Zayıflayan Doların Türkiye’nin Dış Ticareti ve Cari Açığına Yansımaları

Döviz piyasalarında doların küresel ölçekte değer kaybetmeye başlaması, Türkiye gibi dış ticareti yüksek oranda dövize bağlı olan ülkeler açısından kritik sonuçlar doğurabilecek bir gelişme. Türkiye’nin hem ihracat hem de ithalat yapısında doların merkezi rolü dikkate alındığında, kurdaki bu zayıflamanın dış ticaret dengesi ve cari işlemler açığı üzerinde hem olumlu hem de olumsuz etkiler yaratması kaçınılmaz görünüyor.

Türkiye’nin ihracatında önemli bir bölüm Avrupa Birliği ülkelerine yapılmasına rağmen, fiyatlama çoğunlukla dolar üzerinden gerçekleşiyor. Doların değer kaybetmesi, Türk mallarının dış pazarlarda fiyat rekabetini zayıflatabilir. Özellikle euro bölgesine ihracatta, dolar bazlı fiyatlama nedeniyle Türk ürünleri görece pahalı hale gelebilir. Bu durum, Türkiye’nin ihracat gelirlerinde kısa vadede baskı yaratma riski taşıyor. Ancak aynı zamanda, doların zayıflığı küresel talebi canlandırırsa, Türkiye dolaylı olarak artan talep sayesinde ihracatını artırma fırsatı da yakalayabilir.

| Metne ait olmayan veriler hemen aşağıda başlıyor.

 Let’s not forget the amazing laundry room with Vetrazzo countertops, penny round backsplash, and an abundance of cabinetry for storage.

İthalat tarafında ise tablo farklı işliyor. Türkiye’nin enerji ve hammadde ithalatında doların belirleyici rolü bulunuyor. Petrol, doğal gaz, kömür ve birçok sanayi girdisi dolarla fiyatlandığı için, doların zayıflaması ithalat maliyetlerini aşağı çeker. Bu da Türkiye’nin kronikleşmiş cari açığını daraltıcı etki yaratabilir. Özellikle enerji ithalatının Türkiye’nin toplam ithalatındaki payı düşünüldüğünde, doların düşüşü ithalat faturasını önemli ölçüde hafifletebilir. Cari açık üzerindeki en doğrudan pozitif etki de buradan kaynaklanır.

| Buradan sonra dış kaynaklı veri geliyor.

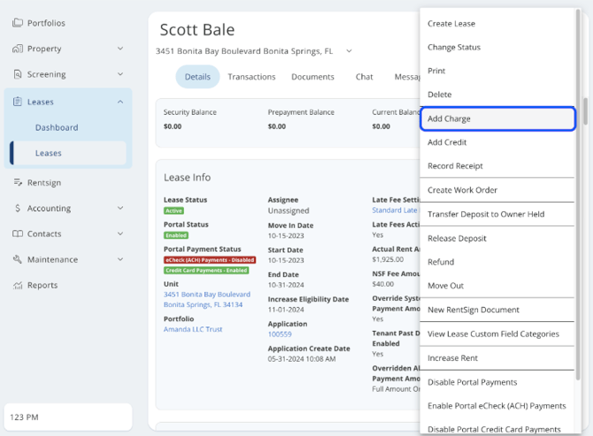 - On the lease, use the green actions button "Add Charge". Use your normal security deposit chart of accounts.

Ancak işin başka bir boyutu daha var. Doların küresel değer kaybı, emtia fiyatlarını yukarı yönlü baskılayabilir. Çünkü yatırımcılar zayıflayan dolardan kaçarak altın, petrol ve diğer emtialara yönelebilir. Bu durumda Türkiye’nin ithalat faturasındaki düşüş sınırlı kalabilir ya da tersine yeniden artışa geçebilir. Yani doların düşmesi tek başına Türkiye’nin lehine bir tablo yaratmayabilir; eş zamanlı gelişmelerin seyrine bağlı olarak farklı sonuçlar ortaya çıkabilir.

Doların değer kaybının finansal etkileri de göz ardı edilmemeli. Türkiye’nin dış borç stokunun büyük bir kısmı dolar cinsinden. Kurun gerilemesi, dış borcun TL karşılığını düşürerek borç servis yükünü hafifletebilir. Bu, kısa vadede mali disiplin açısından önemli bir rahatlama yaratabilir. Öte yandan, doların zayıflamasıyla birlikte gelişmekte olan ülkelere sermaye akımlarının hızlanması, Türkiye gibi ülkeler için finansman imkanlarını artırabilir ve cari açığın finansmanını kolaylaştırabilir.

Ancak uzun vadede sürdürülebilirlik açısından, doların değer kaybının tek başına kalıcı bir çözüm olmayacağı açık. Türkiye’nin cari açığını azaltabilmesi için yapısal dönüşümlere ihtiyaç var. İhracatta yüksek katma değerli ürünlere yönelim, enerjide yerli ve yenilenebilir kaynaklara dayalı bir strateji, dış ticaret dengesini kalıcı biçimde iyileştirebilecek unsurlar. Aksi takdirde kurdaki dalgalanmalar, geçici avantajlar ya da kayıplar yaratmakla sınırlı kalacak.

Sonuç olarak, doların zayıflaması Türkiye açısından ithalat maliyetlerini düşürerek cari açığı daraltma potansiyeli taşısa da, ihracat gelirlerinde fiyat rekabetini zorlaştırabilir ve emtia fiyatlarındaki olası yükseliş bu avantajı törpüleyebilir. Dolayısıyla bu gelişmenin etkileri tek boyutlu değil, karmaşık ve çok yönlü. Türkiye’nin bu süreçte sağlayacağı kazanç, küresel emtia fiyatlarının seyrine, ihracat pazarlarındaki talep koşullarına ve içeride atılacak yapısal adımlara bağlı olacak.